Content starts

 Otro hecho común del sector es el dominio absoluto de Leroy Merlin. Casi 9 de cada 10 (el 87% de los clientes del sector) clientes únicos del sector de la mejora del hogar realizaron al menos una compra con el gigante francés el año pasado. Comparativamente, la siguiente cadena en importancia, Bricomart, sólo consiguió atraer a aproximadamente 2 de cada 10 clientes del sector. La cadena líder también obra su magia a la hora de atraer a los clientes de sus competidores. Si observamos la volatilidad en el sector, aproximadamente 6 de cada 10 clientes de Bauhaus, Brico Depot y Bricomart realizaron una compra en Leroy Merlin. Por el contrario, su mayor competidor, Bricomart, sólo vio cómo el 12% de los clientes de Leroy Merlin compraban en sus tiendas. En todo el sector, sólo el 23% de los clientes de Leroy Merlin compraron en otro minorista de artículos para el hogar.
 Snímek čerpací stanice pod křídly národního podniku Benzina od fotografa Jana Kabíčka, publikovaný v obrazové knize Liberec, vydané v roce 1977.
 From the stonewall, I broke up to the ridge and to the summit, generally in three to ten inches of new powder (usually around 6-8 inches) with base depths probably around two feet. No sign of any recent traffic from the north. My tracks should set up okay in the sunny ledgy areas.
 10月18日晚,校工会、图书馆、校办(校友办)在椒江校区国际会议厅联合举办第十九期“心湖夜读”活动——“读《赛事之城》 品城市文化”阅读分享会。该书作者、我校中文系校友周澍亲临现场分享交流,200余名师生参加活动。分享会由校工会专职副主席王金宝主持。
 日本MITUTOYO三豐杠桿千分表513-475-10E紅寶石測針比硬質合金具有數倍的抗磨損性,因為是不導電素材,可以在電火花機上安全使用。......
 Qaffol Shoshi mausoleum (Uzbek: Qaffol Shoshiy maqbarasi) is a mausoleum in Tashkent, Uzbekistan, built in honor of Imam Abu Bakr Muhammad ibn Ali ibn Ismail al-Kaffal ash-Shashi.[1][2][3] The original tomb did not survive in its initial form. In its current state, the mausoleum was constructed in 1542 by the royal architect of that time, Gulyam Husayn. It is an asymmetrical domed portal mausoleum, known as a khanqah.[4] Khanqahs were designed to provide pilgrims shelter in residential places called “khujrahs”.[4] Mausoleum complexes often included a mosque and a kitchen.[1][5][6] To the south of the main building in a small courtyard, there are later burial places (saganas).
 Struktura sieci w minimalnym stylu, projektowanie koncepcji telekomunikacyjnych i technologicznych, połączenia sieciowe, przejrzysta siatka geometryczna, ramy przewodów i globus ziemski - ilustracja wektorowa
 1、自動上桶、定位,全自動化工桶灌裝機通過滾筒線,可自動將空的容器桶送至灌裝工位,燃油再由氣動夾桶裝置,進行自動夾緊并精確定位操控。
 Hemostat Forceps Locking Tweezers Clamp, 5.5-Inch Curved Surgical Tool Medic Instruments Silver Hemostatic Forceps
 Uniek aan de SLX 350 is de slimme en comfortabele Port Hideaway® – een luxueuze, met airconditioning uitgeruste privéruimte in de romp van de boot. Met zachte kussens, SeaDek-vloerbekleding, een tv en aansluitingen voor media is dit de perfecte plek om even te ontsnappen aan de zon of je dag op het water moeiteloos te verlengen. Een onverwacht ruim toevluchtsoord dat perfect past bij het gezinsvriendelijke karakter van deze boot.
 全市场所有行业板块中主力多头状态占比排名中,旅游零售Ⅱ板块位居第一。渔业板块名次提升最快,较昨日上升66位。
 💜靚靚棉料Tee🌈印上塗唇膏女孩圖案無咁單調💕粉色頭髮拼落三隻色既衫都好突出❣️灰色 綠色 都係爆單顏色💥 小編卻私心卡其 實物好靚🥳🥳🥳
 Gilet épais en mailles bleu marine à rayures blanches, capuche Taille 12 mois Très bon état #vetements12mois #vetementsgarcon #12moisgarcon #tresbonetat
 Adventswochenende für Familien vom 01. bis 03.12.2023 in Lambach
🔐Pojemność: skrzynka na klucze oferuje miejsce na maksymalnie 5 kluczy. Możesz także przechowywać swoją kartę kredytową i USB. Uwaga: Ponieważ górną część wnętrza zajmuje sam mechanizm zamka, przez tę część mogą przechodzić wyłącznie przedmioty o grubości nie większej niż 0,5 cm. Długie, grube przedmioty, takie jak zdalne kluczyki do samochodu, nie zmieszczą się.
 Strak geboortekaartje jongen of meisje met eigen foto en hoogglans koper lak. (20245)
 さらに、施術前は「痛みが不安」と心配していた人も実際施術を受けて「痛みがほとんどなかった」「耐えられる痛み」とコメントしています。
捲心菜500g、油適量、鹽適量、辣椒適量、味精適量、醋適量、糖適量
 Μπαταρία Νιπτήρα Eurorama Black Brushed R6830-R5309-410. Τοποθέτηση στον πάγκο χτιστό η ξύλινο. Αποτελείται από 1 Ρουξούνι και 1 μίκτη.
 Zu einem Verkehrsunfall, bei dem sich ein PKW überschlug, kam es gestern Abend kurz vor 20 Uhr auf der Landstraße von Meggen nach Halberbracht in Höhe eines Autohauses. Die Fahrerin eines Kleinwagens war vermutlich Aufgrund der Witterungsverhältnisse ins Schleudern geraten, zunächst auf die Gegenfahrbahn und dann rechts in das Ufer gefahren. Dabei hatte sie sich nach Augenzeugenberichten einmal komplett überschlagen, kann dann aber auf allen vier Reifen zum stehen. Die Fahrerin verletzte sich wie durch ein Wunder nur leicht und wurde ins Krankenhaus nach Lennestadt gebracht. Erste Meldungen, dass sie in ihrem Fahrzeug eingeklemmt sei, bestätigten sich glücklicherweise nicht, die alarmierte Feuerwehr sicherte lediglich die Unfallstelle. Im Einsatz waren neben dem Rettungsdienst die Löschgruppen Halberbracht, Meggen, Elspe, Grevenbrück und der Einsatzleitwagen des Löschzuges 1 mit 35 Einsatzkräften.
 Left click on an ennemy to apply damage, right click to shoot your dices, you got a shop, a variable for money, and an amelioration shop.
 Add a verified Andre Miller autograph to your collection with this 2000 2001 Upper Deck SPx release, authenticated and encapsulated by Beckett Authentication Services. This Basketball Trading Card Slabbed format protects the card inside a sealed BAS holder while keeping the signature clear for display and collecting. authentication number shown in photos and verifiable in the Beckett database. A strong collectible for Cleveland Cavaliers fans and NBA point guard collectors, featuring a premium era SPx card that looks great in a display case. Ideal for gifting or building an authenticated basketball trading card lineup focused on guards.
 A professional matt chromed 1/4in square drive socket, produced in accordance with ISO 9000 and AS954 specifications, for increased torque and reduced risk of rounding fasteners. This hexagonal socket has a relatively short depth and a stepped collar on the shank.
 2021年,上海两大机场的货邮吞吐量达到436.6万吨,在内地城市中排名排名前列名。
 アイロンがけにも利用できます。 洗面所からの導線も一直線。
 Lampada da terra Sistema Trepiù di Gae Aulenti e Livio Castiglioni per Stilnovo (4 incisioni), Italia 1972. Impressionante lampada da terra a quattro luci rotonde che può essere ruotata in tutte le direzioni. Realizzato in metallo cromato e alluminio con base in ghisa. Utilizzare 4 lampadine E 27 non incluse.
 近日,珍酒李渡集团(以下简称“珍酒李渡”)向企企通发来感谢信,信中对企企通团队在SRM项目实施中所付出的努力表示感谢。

Content ends

» Task item
In the records above, the line with "捲心菜500g、油適量、鹽適量、辣椒適量、味精適量、醋適量、糖適量" marks the start and the line with "Μπαταρία Νιπτήρα Eurorama" marks the end; copy that stretch exactly, both lines included, and nothing else.

» Result of this task
捲心菜500g、油適量、鹽適量、辣椒適量、味精適量、醋適量、糖適量
 Μπαταρία Νιπτήρα Eurorama Black Brushed R6830-R5309-410. Τοποθέτηση στον πάγκο χτιστό η ξύλινο. Αποτελείται από 1 Ρουξούνι και 1 μίκτη.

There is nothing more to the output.